KR101596922B1 - Base Station Antenna For Installing around Road - Google Patents

Abstract

Provided is a base station antenna radiator, which may provide polarization isolation with regard to a wide band. The base station antenna radiator comprises: a first radiation element and a third radiation element for radiating a first polarization signal; a second radiation element and a fourth radiation element for radiating a second polarization signal; first to fourth baluns coupled to the first to fourth radiation elements, respectively, and having vertical structures, respectively; a first feeder line including a vertical portion vertically extending from a first feeder and a horizontal portion bent from the vertical portion and extending in a horizontal direction, wherein the vertical portion passes through the first radiation element and the horizontal portion extends from an end of the vertical portion to the third radiation element; and a second feeder line including a vertical portion vertically extending from the second feeder, and a horizontal portion bent from the vertical portion, and extending in a horizontal direction, wherein the horizontal portion extends from a lower portion of the second radiation element to the fourth radiation element.

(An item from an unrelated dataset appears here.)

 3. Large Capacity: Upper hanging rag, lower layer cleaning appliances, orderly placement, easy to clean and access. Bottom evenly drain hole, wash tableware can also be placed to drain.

The first to fourth radiation elements are positioned on the same plane.

Description

Background of the Invention Field of the Invention [0001]

Embodiments of the present invention relate to a base station antenna, and more particularly, to a base station antenna for a roadside installation, and to a base station antenna that provides polarization isolation for a wide band.

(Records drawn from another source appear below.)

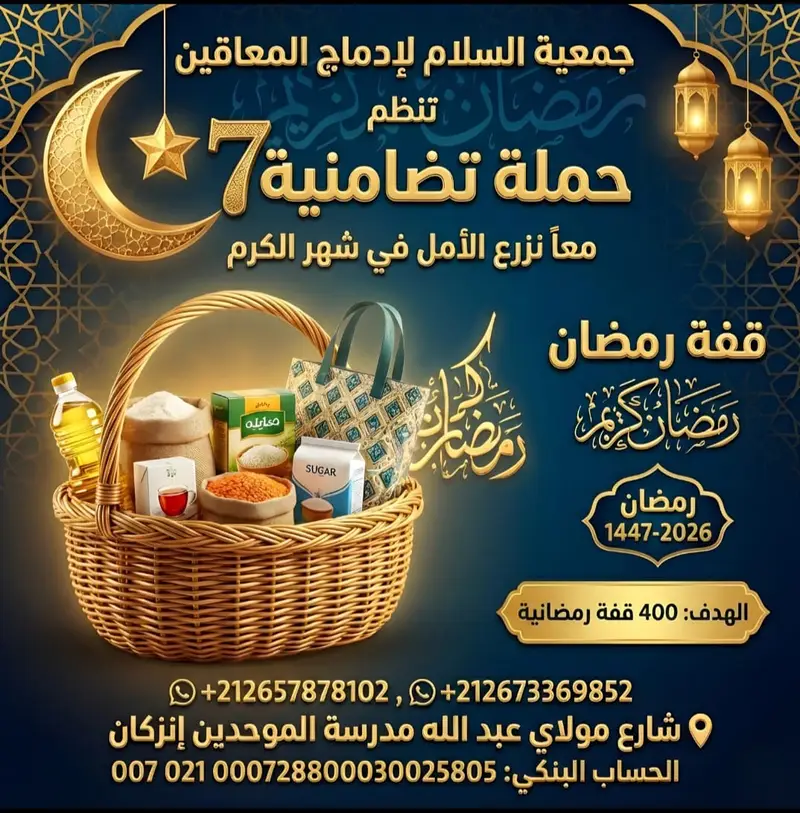في أجواء مليئة بالإيمان ومعاني الرحمة والتكافل، أطلقت جمعية السلام لإدماج المعاقين حملتها التضامنية السنوية لشهر رمضان 1447 هـ / 2026 م، تحت شعار “معًا نزرع الأمل في شهر الكرم”. تهدف هذه المبادرة الإنسانية إلى إدخال الفرحة على الأسر المعوزة والأشخاص ذوي الإعاقة بإنزكان وضواحيها.
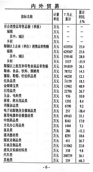 前七個(gè)月,全市國(guó)民經(jīng)濟(jì)運(yùn)行情況如下:
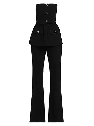 Комбинезон выполнен из эластичного крeпа и оформлен безрукавным банданным лифом, поясом с баской и пуговицами с кристаллом.
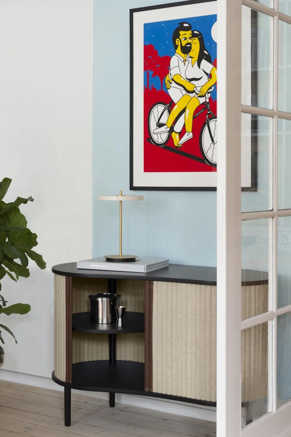 Asteria Move er en flytbar lampe helt uden ledninger, som giver et ekstra fokus til designets detaljer og gør den nem at have med sig, når man bevæger sig rundt i hjemmet. Lampen har et indbygget LED-panel med en hvid diffusor, der sikrer en behagelig belysning i rummet. Asteria Move har tre lysintensiteter der kan justeres via knappen på lampens base. Batteriets holder helt op til 35 timer og den kan nemt oplades ved at placere den oven på en hvilken som helst Qi-opladningsenhed som Unifier fra UMAGEs belysningstilbehør eller med det medfølgende USB-kabel

A base station antenna is an antenna installed in a base station and communicating with terminals in a specific area. With the development of mobile communication, services provided through base stations are diversified, and broadband and multi-band characteristics are required for base station antennas.

The base station antenna must radiate two polarized signals orthogonal to each other and one radiator must emit a dual polarized signal so that polarization isolation is required.

Even if the radiator itself satisfies the wideband characteristic, unless the polarization isolation is secured for the wideband, the transmission and reception performance is degraded due to interference of different polarized signals.

7 is a cross-sectional view of a conventional base station antenna radiator.

Referring to FIG. 7, a conventional base station antenna radiator includes a plurality of radiation elements 700 and 710, a plurality of baluns 720 and 730, a first feed line 740, and a second feed line 750.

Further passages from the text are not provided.